» Work instruction:
Word for word, output every line of the material below, minus pictures.

» Supplied information:
□ □ □ □ □ □ □

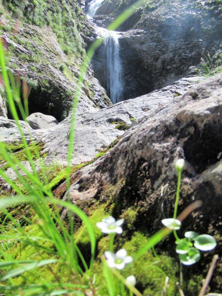 ヒメウメバチソウと滝、というコンセプトだったんだけどさ、滝にピントが合っちゃって、ヒメウメバチソウがボケちゃいました。
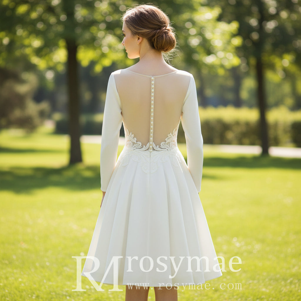 Deep V-neck Informal Long Sleeve Country Knee Length Wedding Dress
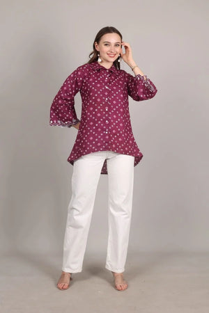 Make everyday styling effortlessly chic with our Wine Bandhni print Embroidered Shirt for Women 🌼✨
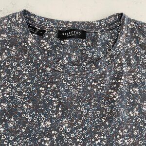 Selected Homme SLHALEX Small Flowers SS Crew Nk T Shirt Blue Wht Brown Sz M NWOT

□ □ □ □ □ □ □

» Answer box:
 ヒメウメバチソウと滝、というコンセプトだったんだけどさ、滝にピントが合っちゃって、ヒメウメバチソウがボケちゃいました。
 Deep V-neck Informal Long Sleeve Country Knee Length Wedding Dress
 Make everyday styling effortlessly chic with our Wine Bandhni print Embroidered Shirt for Women 🌼✨
 Selected Homme SLHALEX Small Flowers SS Crew Nk T Shirt Blue Wht Brown Sz M NWOT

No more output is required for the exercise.